• TASK OBJECTIVE:
The material below is to be copied exactly from the line with "Movado Connect 2.0" up to and including the line with "中国清朝服 古装古代地主服 長袍(チャンパオ) サテン地", with nothing else kept and no pictures.
[TASK INPUTS]
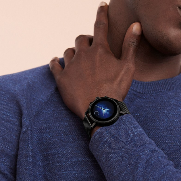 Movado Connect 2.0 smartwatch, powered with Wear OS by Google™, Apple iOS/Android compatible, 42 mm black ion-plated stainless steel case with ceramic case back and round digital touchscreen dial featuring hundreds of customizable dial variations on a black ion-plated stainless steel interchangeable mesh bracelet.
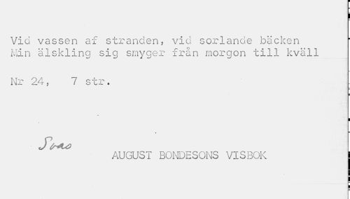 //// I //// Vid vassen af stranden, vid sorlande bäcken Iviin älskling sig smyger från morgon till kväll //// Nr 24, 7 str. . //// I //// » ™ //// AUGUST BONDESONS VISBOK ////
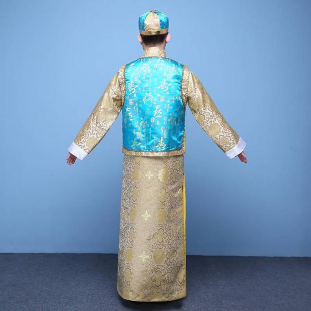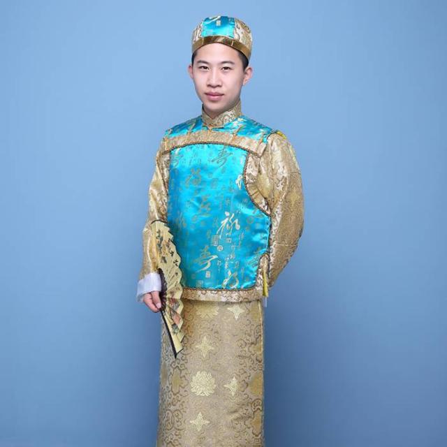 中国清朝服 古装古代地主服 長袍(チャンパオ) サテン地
[/TASK INPUTS]
[TASK INPUTS]
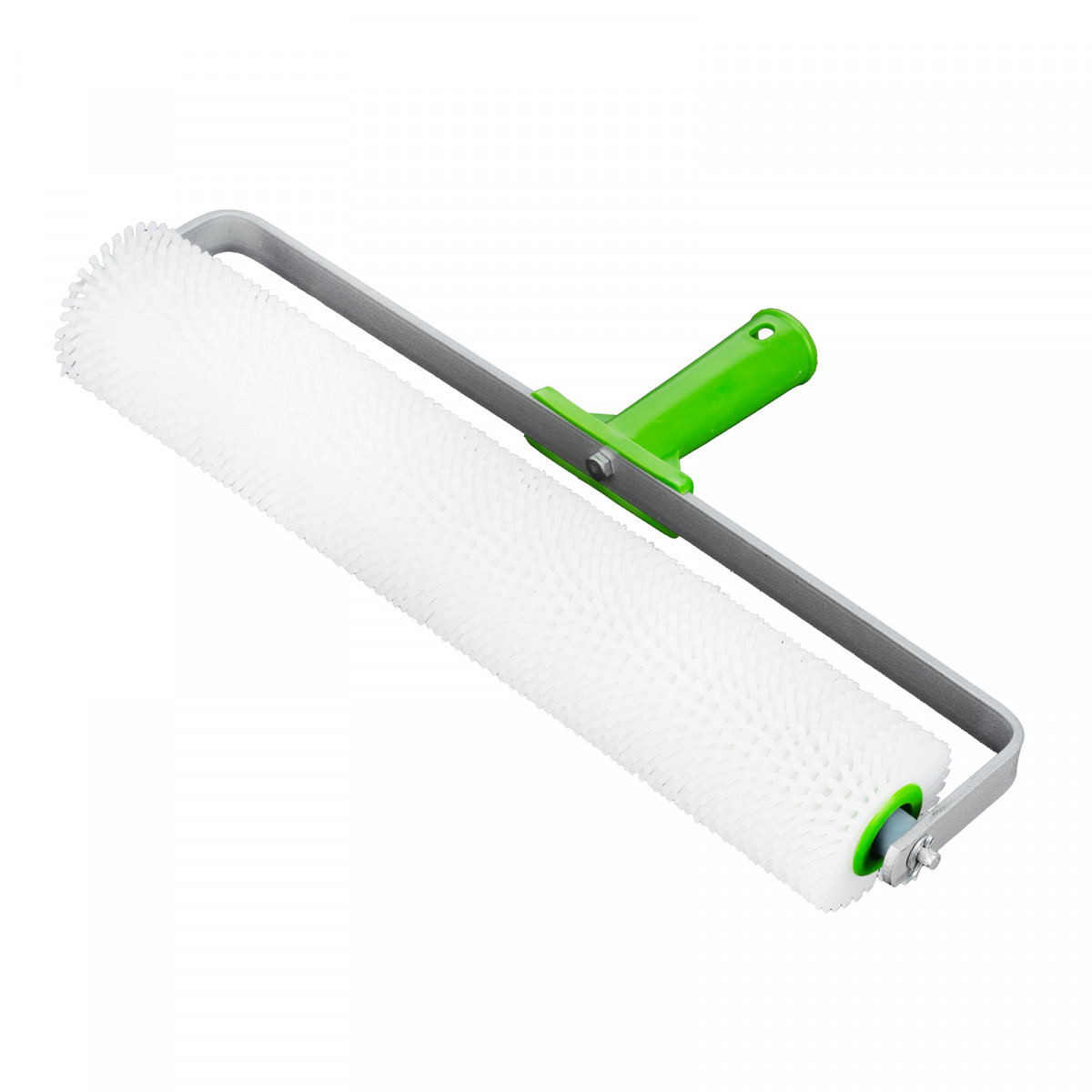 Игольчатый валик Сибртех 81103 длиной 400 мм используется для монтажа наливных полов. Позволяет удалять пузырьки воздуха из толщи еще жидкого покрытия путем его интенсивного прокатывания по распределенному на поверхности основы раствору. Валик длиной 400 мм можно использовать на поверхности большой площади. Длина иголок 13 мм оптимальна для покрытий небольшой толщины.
[/TASK INPUTS]
• FINISHED EXERCISE:
 Movado Connect 2.0 smartwatch, powered with Wear OS by Google™, Apple iOS/Android compatible, 42 mm black ion-plated stainless steel case with ceramic case back and round digital touchscreen dial featuring hundreds of customizable dial variations on a black ion-plated stainless steel interchangeable mesh bracelet.
 //// I //// Vid vassen af stranden, vid sorlande bäcken Iviin älskling sig smyger från morgon till kväll //// Nr 24, 7 str. . //// I //// » ™ //// AUGUST BONDESONS VISBOK ////
 中国清朝服 古装古代地主服 長袍(チャンパオ) サテン地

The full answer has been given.